> What the task requires: Without any of the pictures, transcribe all the lines below exactly.

Collected data entries
+++

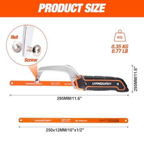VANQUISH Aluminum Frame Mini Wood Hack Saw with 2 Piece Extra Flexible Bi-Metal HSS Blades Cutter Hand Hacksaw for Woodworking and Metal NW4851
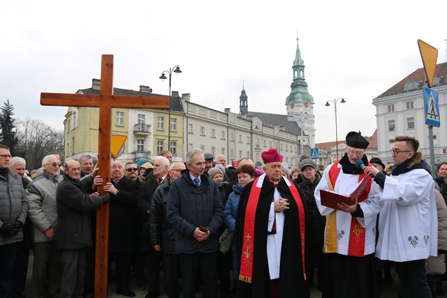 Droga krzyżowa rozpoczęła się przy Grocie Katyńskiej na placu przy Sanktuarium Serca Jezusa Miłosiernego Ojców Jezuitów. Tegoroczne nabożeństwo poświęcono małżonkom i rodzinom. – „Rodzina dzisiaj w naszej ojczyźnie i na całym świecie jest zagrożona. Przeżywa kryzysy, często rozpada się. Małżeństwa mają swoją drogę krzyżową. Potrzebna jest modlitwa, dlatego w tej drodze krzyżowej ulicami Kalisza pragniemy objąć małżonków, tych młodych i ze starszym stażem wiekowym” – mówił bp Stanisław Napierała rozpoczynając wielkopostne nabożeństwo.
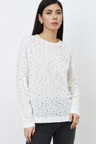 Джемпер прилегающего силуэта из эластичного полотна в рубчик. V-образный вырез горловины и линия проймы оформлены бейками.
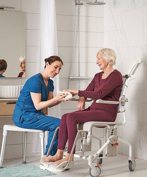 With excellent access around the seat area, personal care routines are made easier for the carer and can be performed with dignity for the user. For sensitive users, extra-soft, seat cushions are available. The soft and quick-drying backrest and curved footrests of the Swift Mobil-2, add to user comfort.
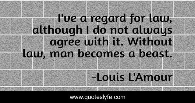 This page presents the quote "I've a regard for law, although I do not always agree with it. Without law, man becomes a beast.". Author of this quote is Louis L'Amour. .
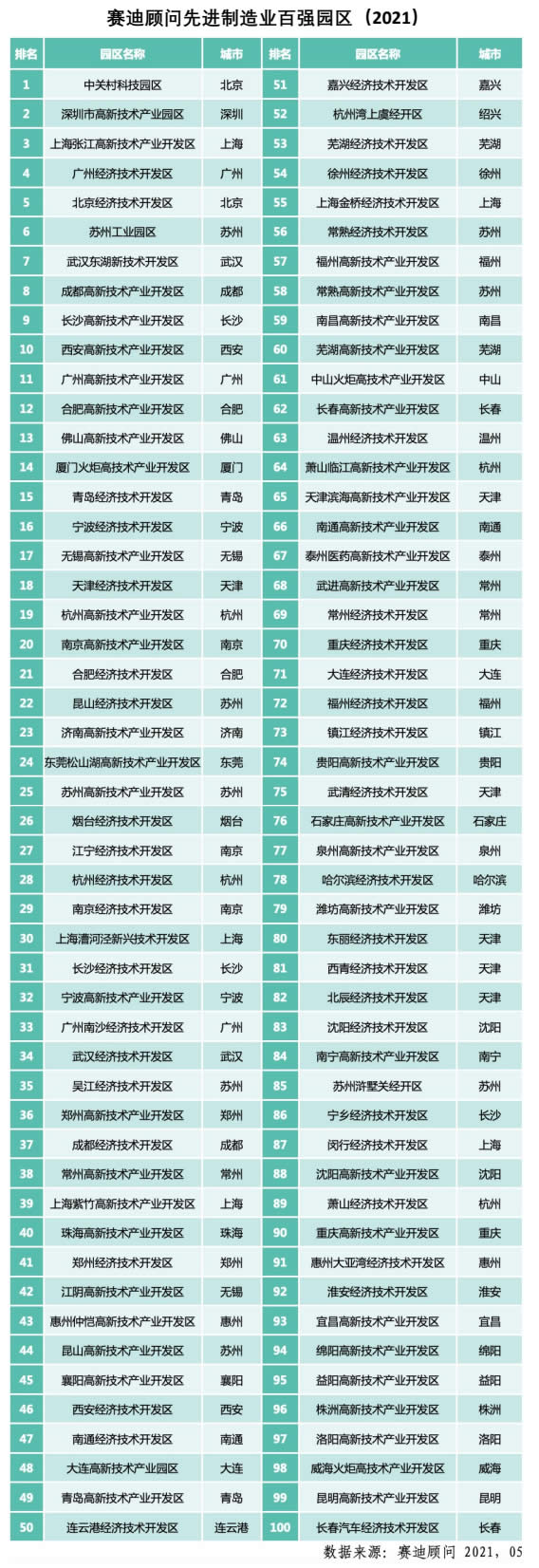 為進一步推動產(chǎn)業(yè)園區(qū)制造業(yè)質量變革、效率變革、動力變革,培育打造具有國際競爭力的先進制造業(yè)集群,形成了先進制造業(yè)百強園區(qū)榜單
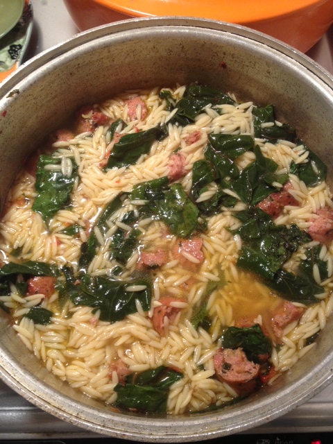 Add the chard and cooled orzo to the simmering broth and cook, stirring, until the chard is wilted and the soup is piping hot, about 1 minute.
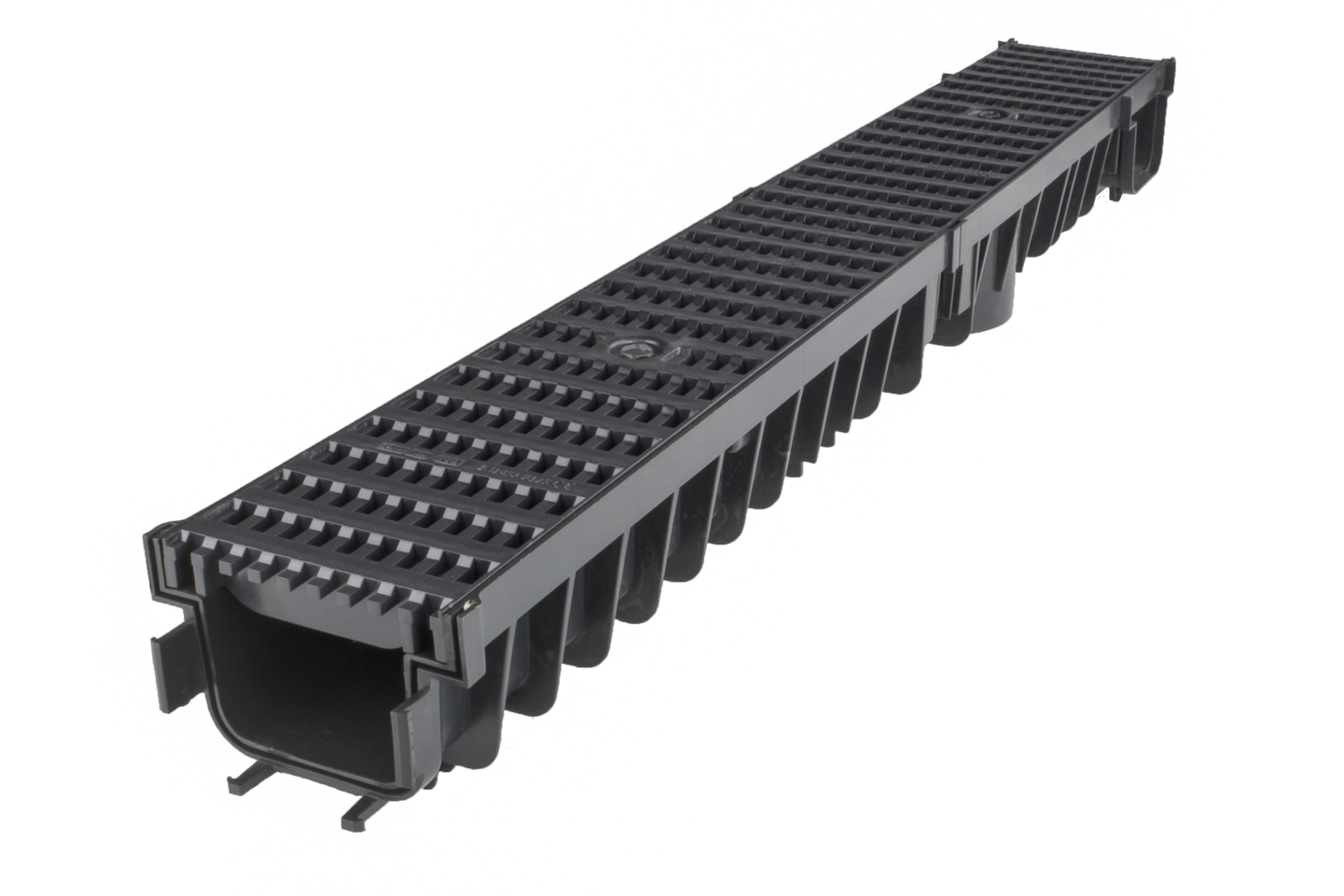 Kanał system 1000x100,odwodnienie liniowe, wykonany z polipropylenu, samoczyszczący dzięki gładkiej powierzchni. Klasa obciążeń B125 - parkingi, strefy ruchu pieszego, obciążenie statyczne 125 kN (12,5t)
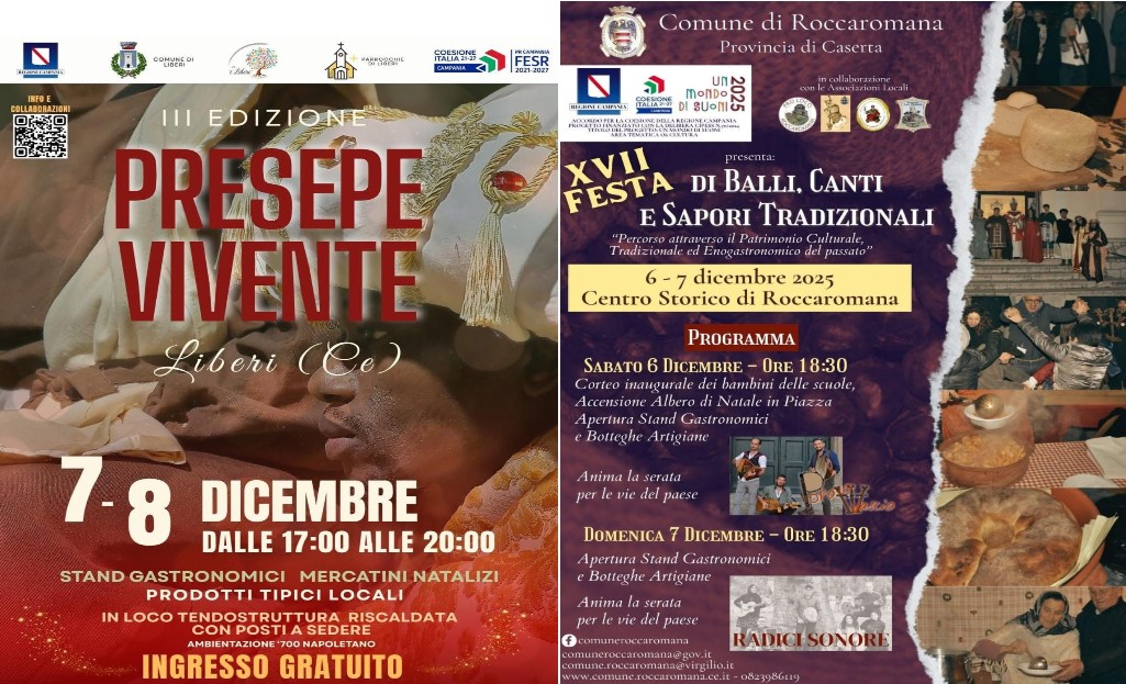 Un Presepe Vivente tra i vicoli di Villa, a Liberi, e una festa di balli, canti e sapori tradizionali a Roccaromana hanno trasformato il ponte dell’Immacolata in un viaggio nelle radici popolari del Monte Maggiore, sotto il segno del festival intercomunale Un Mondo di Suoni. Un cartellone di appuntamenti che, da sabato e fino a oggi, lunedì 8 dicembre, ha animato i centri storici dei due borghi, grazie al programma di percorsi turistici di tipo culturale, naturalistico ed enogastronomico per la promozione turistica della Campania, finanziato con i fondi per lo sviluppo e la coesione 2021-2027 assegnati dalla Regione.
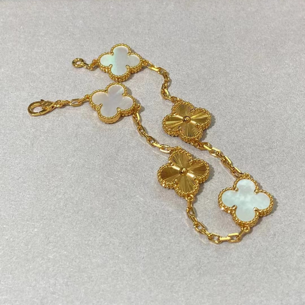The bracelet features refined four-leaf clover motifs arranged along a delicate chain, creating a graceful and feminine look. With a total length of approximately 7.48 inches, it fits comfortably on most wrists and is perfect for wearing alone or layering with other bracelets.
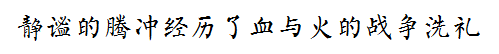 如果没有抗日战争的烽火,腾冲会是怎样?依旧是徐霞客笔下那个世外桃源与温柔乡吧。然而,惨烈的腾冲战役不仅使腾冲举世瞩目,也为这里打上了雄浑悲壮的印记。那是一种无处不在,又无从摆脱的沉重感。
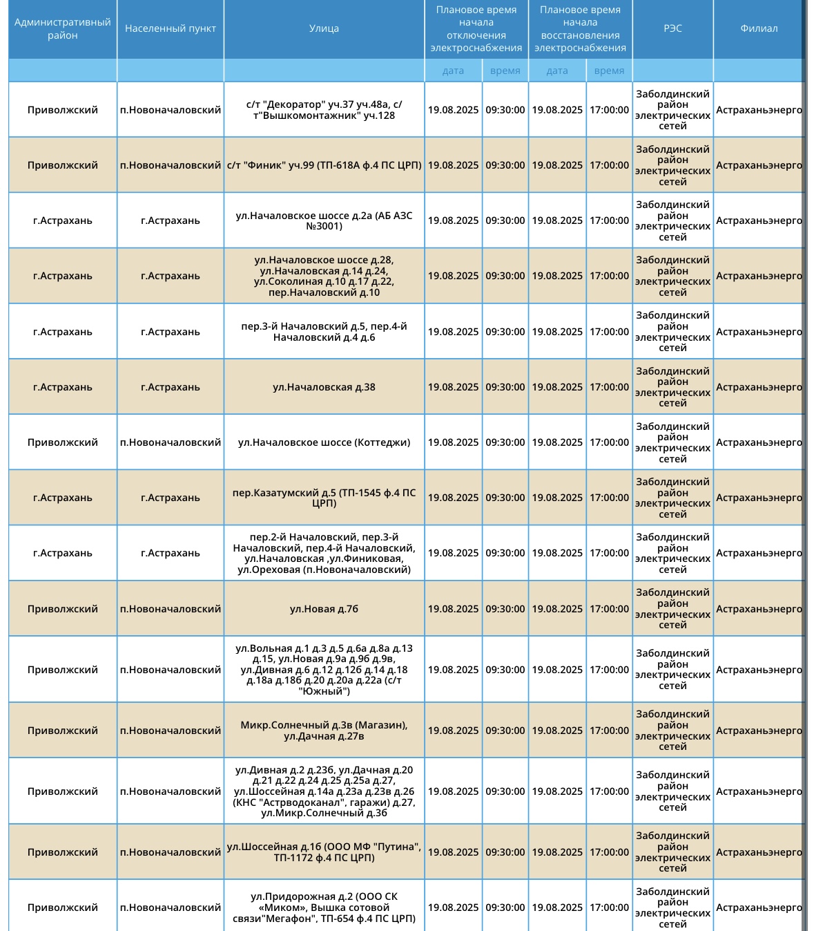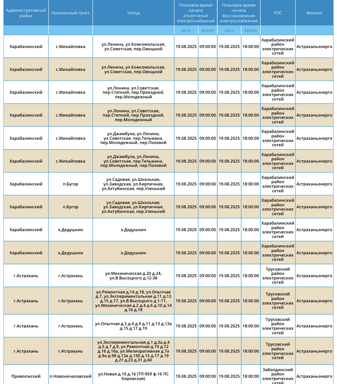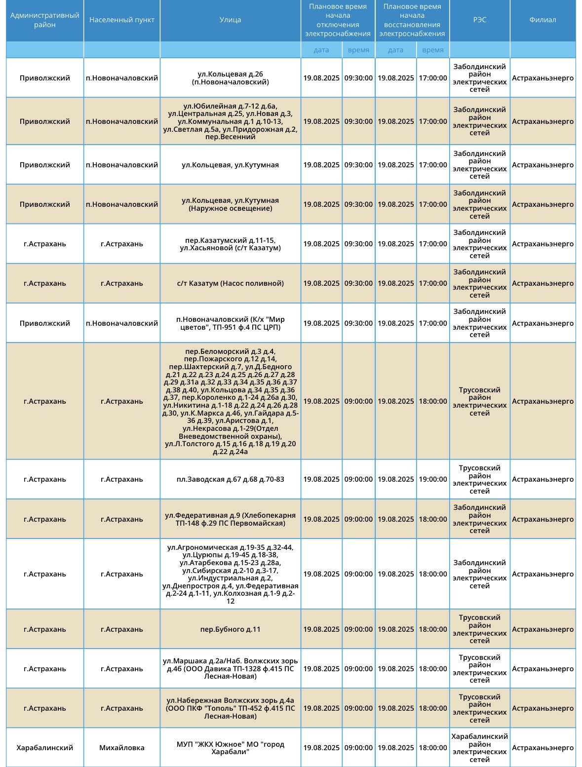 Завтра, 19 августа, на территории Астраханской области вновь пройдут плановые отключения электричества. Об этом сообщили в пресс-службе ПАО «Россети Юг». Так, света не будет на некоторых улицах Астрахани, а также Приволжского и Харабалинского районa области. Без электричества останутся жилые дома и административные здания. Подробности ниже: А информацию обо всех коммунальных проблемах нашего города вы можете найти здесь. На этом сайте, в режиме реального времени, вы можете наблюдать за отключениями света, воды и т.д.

+++

> Answer box:
VANQUISH Aluminum Frame Mini Wood Hack Saw with 2 Piece Extra Flexible Bi-Metal HSS Blades Cutter Hand Hacksaw for Woodworking and Metal NW4851
 Droga krzyżowa rozpoczęła się przy Grocie Katyńskiej na placu przy Sanktuarium Serca Jezusa Miłosiernego Ojców Jezuitów. Tegoroczne nabożeństwo poświęcono małżonkom i rodzinom. – „Rodzina dzisiaj w naszej ojczyźnie i na całym świecie jest zagrożona. Przeżywa kryzysy, często rozpada się. Małżeństwa mają swoją drogę krzyżową. Potrzebna jest modlitwa, dlatego w tej drodze krzyżowej ulicami Kalisza pragniemy objąć małżonków, tych młodych i ze starszym stażem wiekowym” – mówił bp Stanisław Napierała rozpoczynając wielkopostne nabożeństwo.
 Джемпер прилегающего силуэта из эластичного полотна в рубчик. V-образный вырез горловины и линия проймы оформлены бейками.
 With excellent access around the seat area, personal care routines are made easier for the carer and can be performed with dignity for the user. For sensitive users, extra-soft, seat cushions are available. The soft and quick-drying backrest and curved footrests of the Swift Mobil-2, add to user comfort.
 This page presents the quote "I've a regard for law, although I do not always agree with it. Without law, man becomes a beast.". Author of this quote is Louis L'Amour. .
 為進一步推動產(chǎn)業(yè)園區(qū)制造業(yè)質量變革、效率變革、動力變革,培育打造具有國際競爭力的先進制造業(yè)集群,形成了先進制造業(yè)百強園區(qū)榜單
 Add the chard and cooled orzo to the simmering broth and cook, stirring, until the chard is wilted and the soup is piping hot, about 1 minute.
 Kanał system 1000x100,odwodnienie liniowe, wykonany z polipropylenu, samoczyszczący dzięki gładkiej powierzchni. Klasa obciążeń B125 - parkingi, strefy ruchu pieszego, obciążenie statyczne 125 kN (12,5t)
 Un Presepe Vivente tra i vicoli di Villa, a Liberi, e una festa di balli, canti e sapori tradizionali a Roccaromana hanno trasformato il ponte dell’Immacolata in un viaggio nelle radici popolari del Monte Maggiore, sotto il segno del festival intercomunale Un Mondo di Suoni. Un cartellone di appuntamenti che, da sabato e fino a oggi, lunedì 8 dicembre, ha animato i centri storici dei due borghi, grazie al programma di percorsi turistici di tipo culturale, naturalistico ed enogastronomico per la promozione turistica della Campania, finanziato con i fondi per lo sviluppo e la coesione 2021-2027 assegnati dalla Regione.
The bracelet features refined four-leaf clover motifs arranged along a delicate chain, creating a graceful and feminine look. With a total length of approximately 7.48 inches, it fits comfortably on most wrists and is perfect for wearing alone or layering with other bracelets.
 如果没有抗日战争的烽火,腾冲会是怎样?依旧是徐霞客笔下那个世外桃源与温柔乡吧。然而,惨烈的腾冲战役不仅使腾冲举世瞩目,也为这里打上了雄浑悲壮的印记。那是一种无处不在,又无从摆脱的沉重感。
 Завтра, 19 августа, на территории Астраханской области вновь пройдут плановые отключения электричества. Об этом сообщили в пресс-службе ПАО «Россети Юг». Так, света не будет на некоторых улицах Астрахани, а также Приволжского и Харабалинского районa области. Без электричества останутся жилые дома и административные здания. Подробности ниже: А информацию обо всех коммунальных проблемах нашего города вы можете найти здесь. На этом сайте, в режиме реального времени, вы можете наблюдать за отключениями света, воды и т.д.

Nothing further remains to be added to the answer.